The love/hate dichotomy of the playoff goaltender

Ryan Fulford
May 9, 2012

There are few positions in sports that rival the glory (or condemnation) reserved for hockey goaltenders once the NHL’s “second season” commences. Hope certainly springs eternal for fans lucky enough to witness their team battle for the honor of becoming a part of hockey history, leaving indelible etchings on Lord Stanley, and that passion, perplexingly enough, manifests itself as an all-consuming love/hate relationship with the masked men between the pipes.

No doubt goaltending is an integral piece of the Stanley Cup playoff puzzle. When you have the luxury of possessing it dreams can be realized. When you aren’t lucky enough to employ a top-tier puck-stopper, goaltending becomes the missing piece and the play of his 18 teammates be damned.

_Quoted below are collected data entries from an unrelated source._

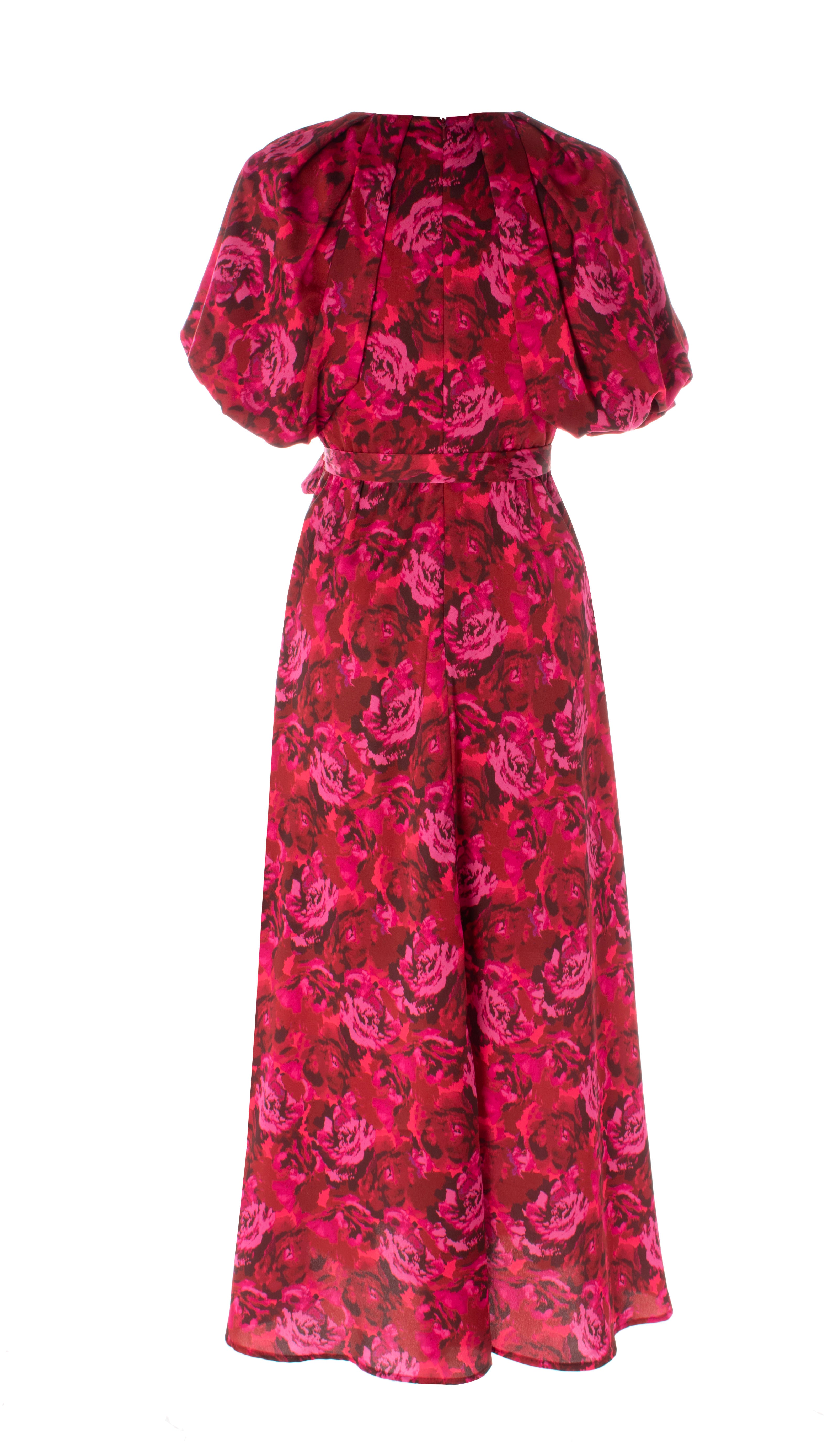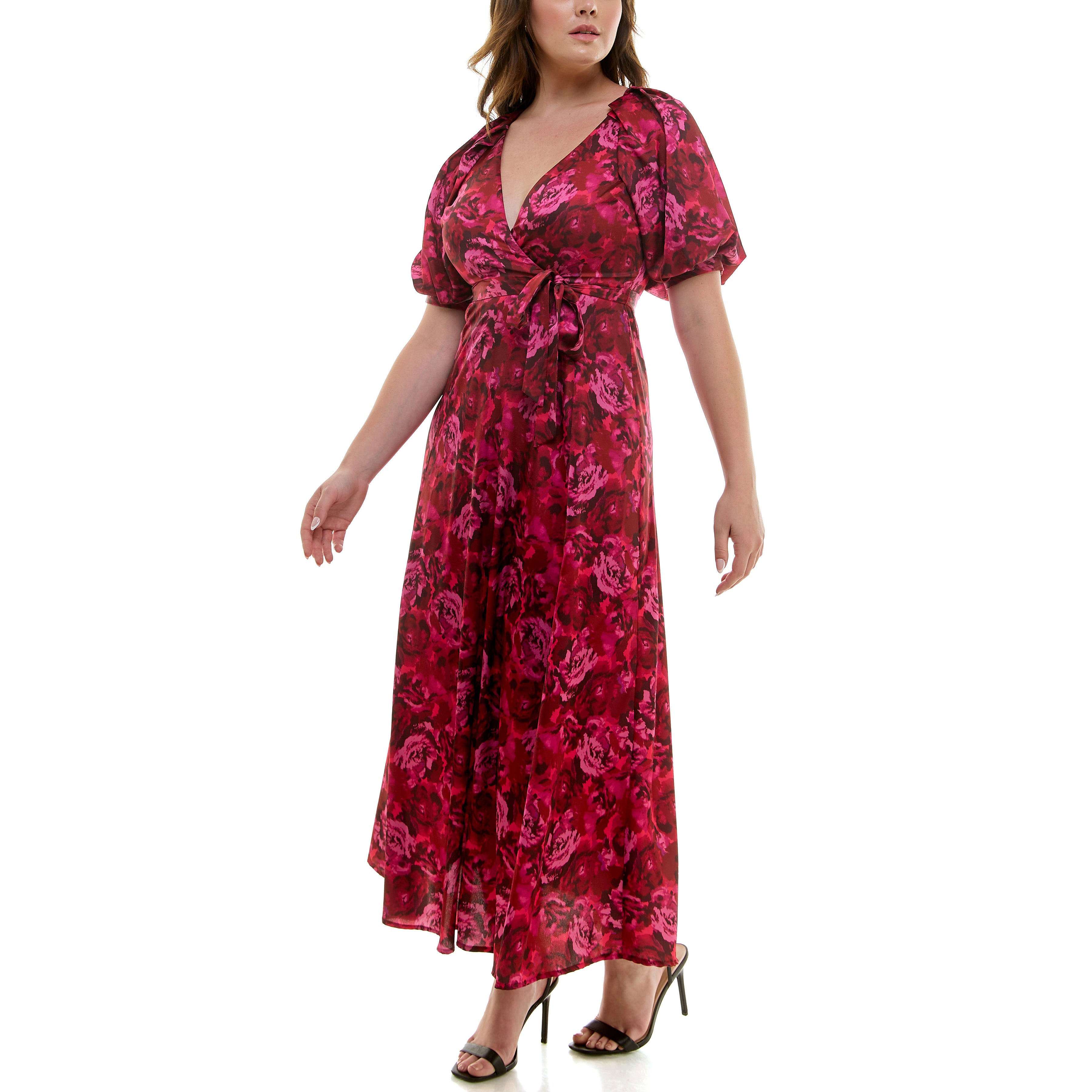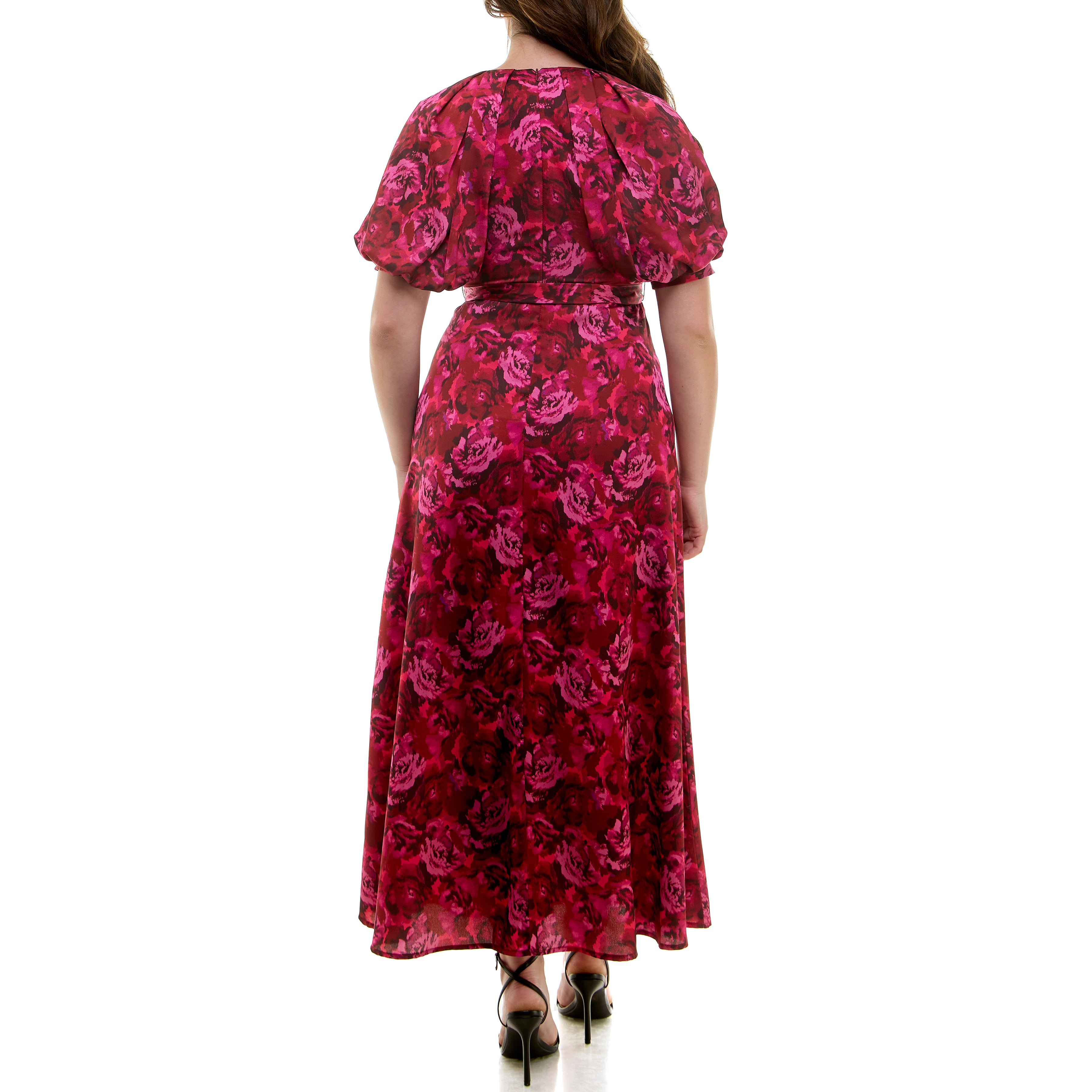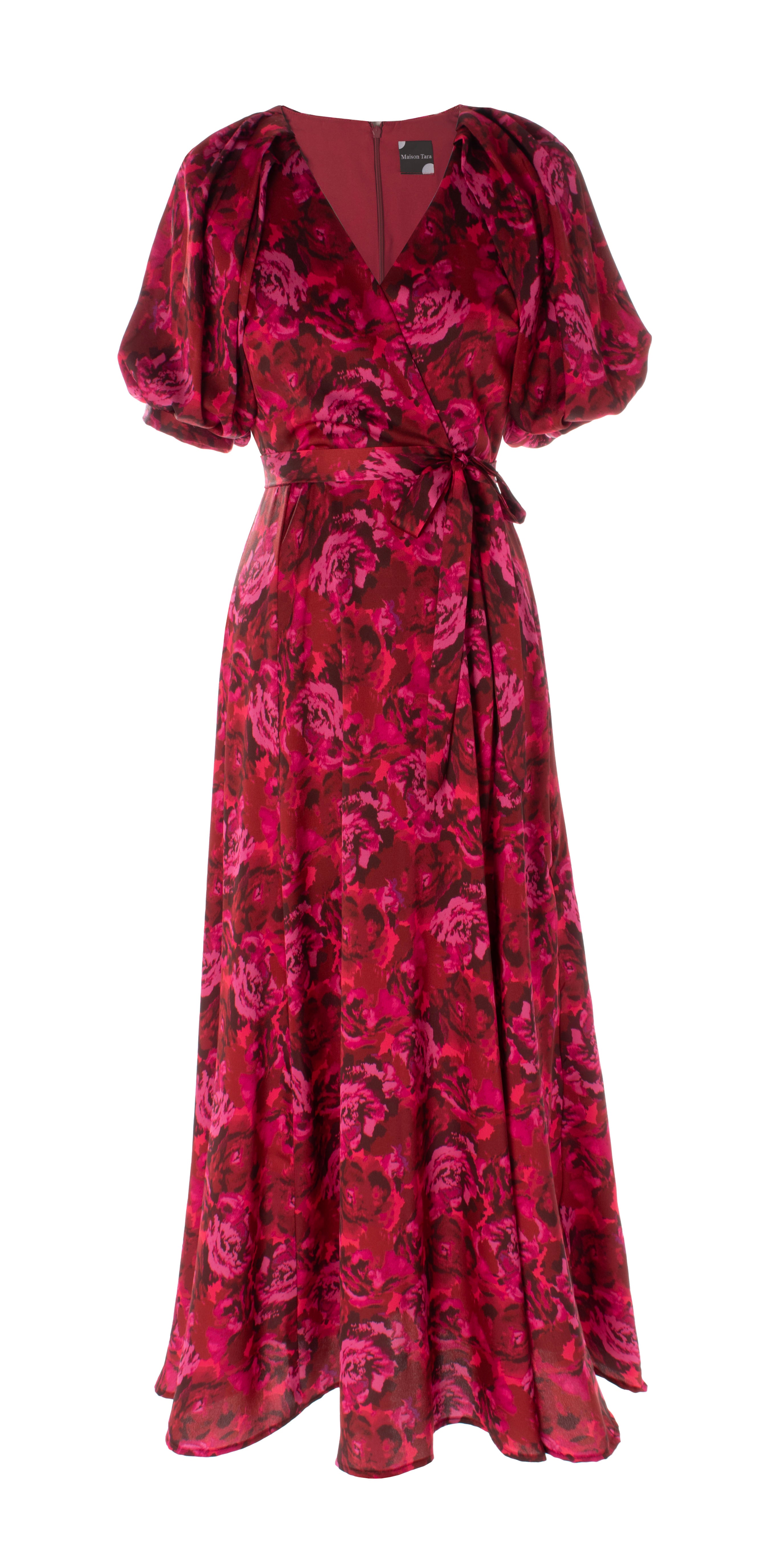 MAISON TARA ROSE BOUQUET PRINT PUFF SLEEVE PEBBLE SATIN WRAP MAXI DRESS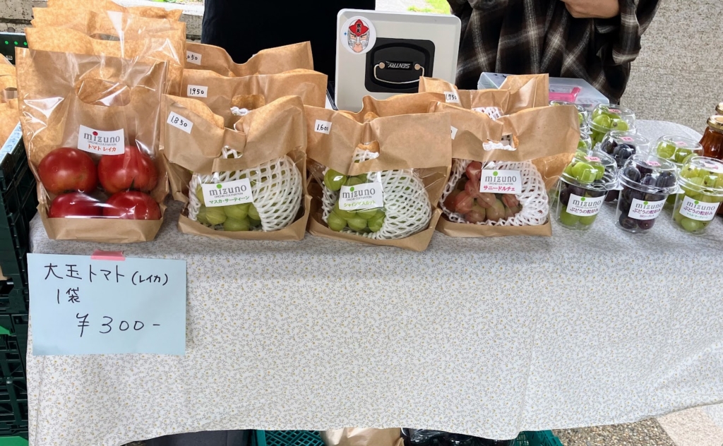 トマトに加えて、ぶどうの販売も始まりました。糖度が高くおいしいぶどうをお手軽に味わえるパック入りも並んでいます。
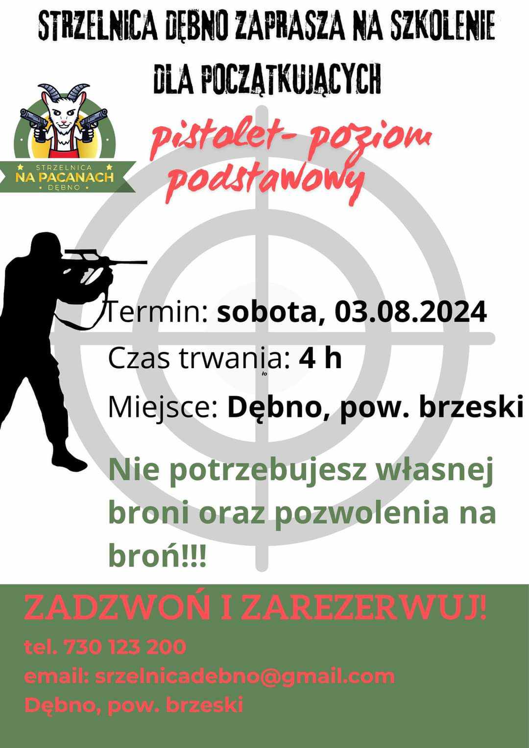 Już w najbliższą sobotę 3 sierpnia 2024 roku odbędzie się szkolenie a posługiwania się pistoletem dla osób które nigdy wcześniej nie miały kontaktu z bronią palną.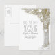 Modern yet vintage very romantic save the date postcard with wooden love heart tree drawing.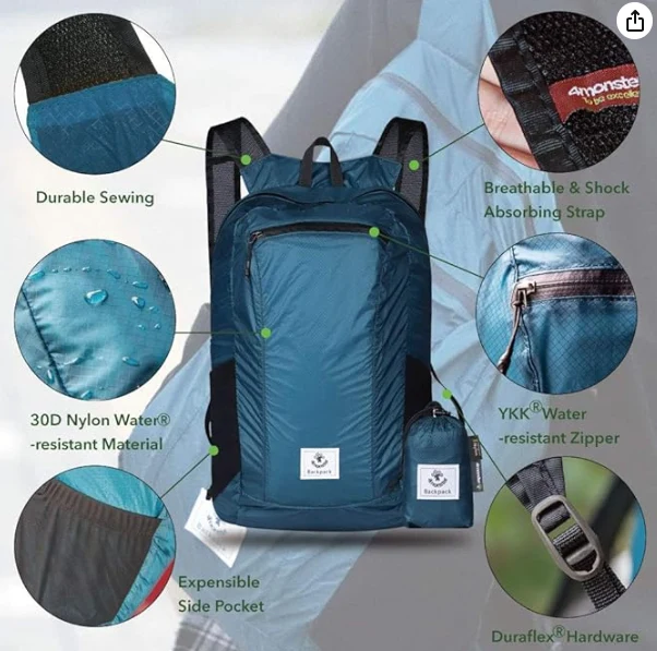 वाटरप्रूफ्फ्रोफ लाइटवेट उब्ज गर्ने ब्याकपप्याक, फोल्डल ब्याकप्याकले आउटडोर यात्रा, शिविर, पैदल यात्रा, दिन यात्रा र शपिंगको लागि पर्याप्त ठाउँ प्रदान गर्दछ। एक मुख्य जिपर जेब, एक फ्रन्ट zipper जेब र दुई जाल साइड जेबहरू T0 दिन कुनै हेस्ले रिटर्न / नि: शुल्क विनिमय, 12 महिना वारन्ट।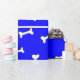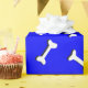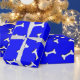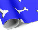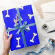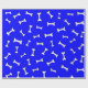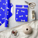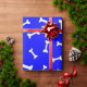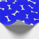 Ossos brancos com efeito simulado de recorte de papel sobre fundo azul. Rolos de papel de presente personalizados para amantes de cães e seus cachorros. Tudo o que se vê é impresso, não será usado nenhum corte de papel no fazer deste produto.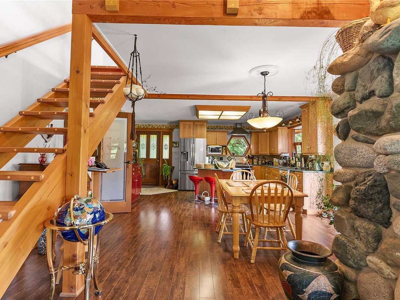 This inviting open-plan space blends kitchen and dining seamlessly with warm natural wood tones dominating the design. The polished hardwood floor complements the honey-colored wooden dining table and matching chairs situated centrally under a decorative ceiling light fixture. The kitchen features light wood cabinetry accented by granite countertops and stainless steel appliances, including a refrigerator and microwave. Unique architectural elements include a floating wooden staircase with visible joints, a large stone fireplace structure to the right, and a globe stand near the stairwell. Bright windows and a hexagonal glass detail let in natural light, enhancing the warm and cozy atmosphere.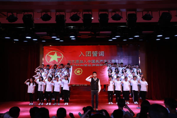 随后,“我志愿加入中国共产主义青年团, 坚决拥护中国共产党的领导, 遵守团的章程……”校团委副书记带领团员代表庄严宣誓,响彻全场,展现了我校青年团员积极向上的精神风貌。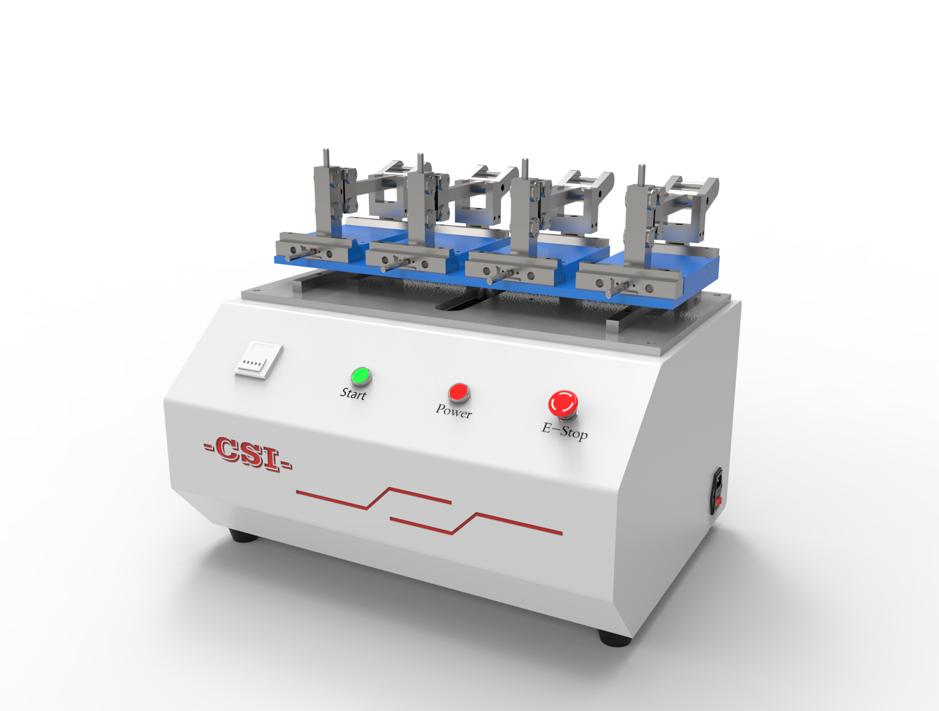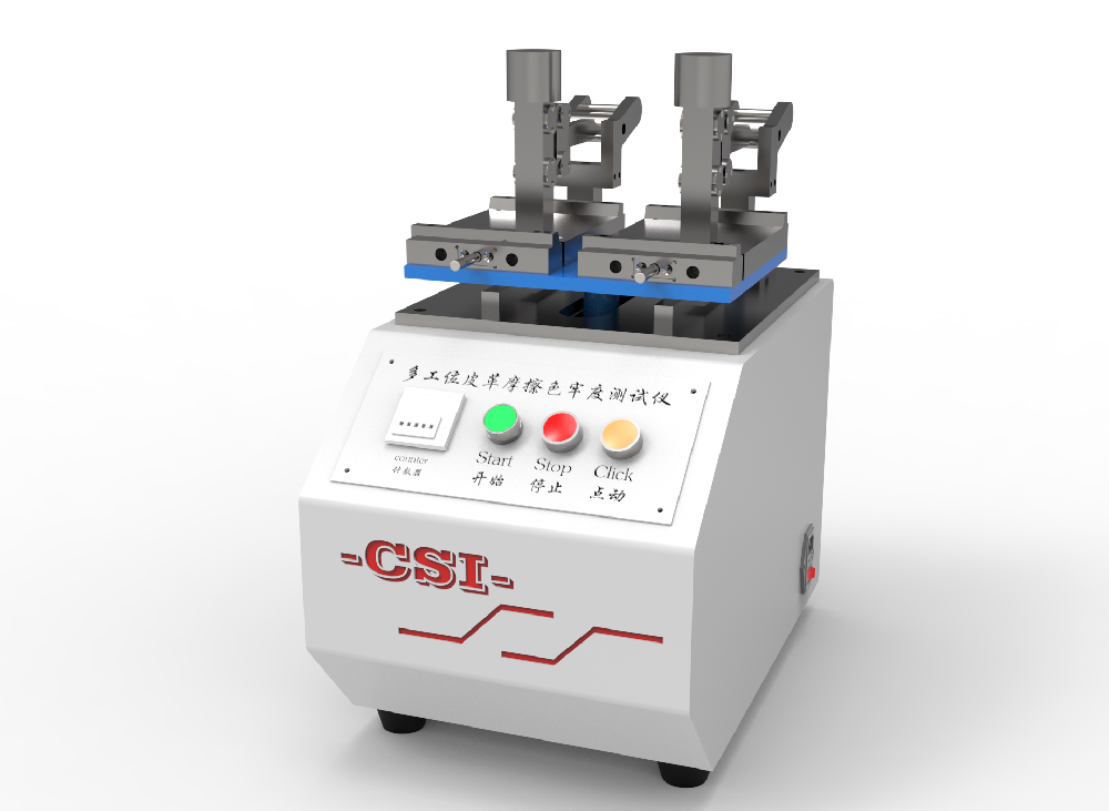 该仪器用于皮革表面摩擦牢度的测试,通过确定皮革表面或涂层的“掉色”程度和羊毛毡的沾色程度来评估颜色的转移情况。试验时,以干燥或湿润的白色羊毛毡,包于摩擦表面,然后往复摩擦夹在试验台上的试片。有干、湿两种测试方式。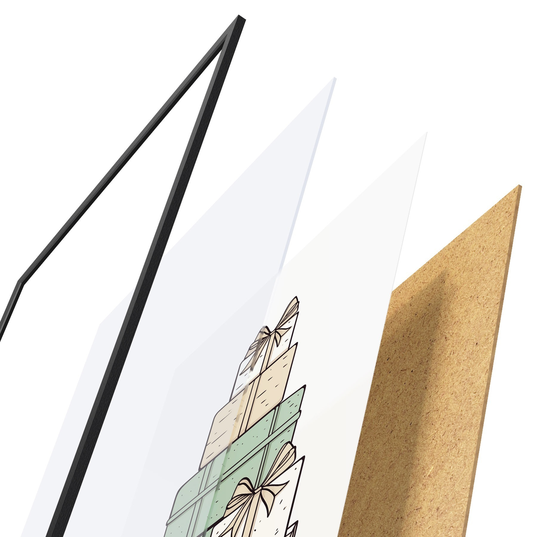 L’affiche encadrée est composée d’un cadre, d’un plexiglas, d’une image imprimée et d’un support en aggloméré. Elle est prête à être accrochée au mur grâce aux fixations situées à l’arrière.

The feverish insistence on nothing less than otherworldly, godlike play during the playoffs has now become a time-honored tradition in hockey, regardless of its roots in nothing more than overzealous misconceptions of the fans.

When you read, talk or argue about playoff hockey, one of the points of contention will undoubtedly be the ability for players to raise their games or “compete levels” during the grueling grind that is the NHL playoffs. How you quantify a player raising his game during the playoffs is subject to myriad theories, opinions and disputes, but generally there is a reliance on statistics to “prove” this point.

As always, statistics, while indispensable for armchair general managers building their fantasy teams, don’t tell you the entire story. While the statistics recorded in the present day provide a fantastic look at the game from a numerical standpoint, there is no way to accurately record the unpredictable moments that happen in every hockey game such as unlucky puck bounces and bad line changes.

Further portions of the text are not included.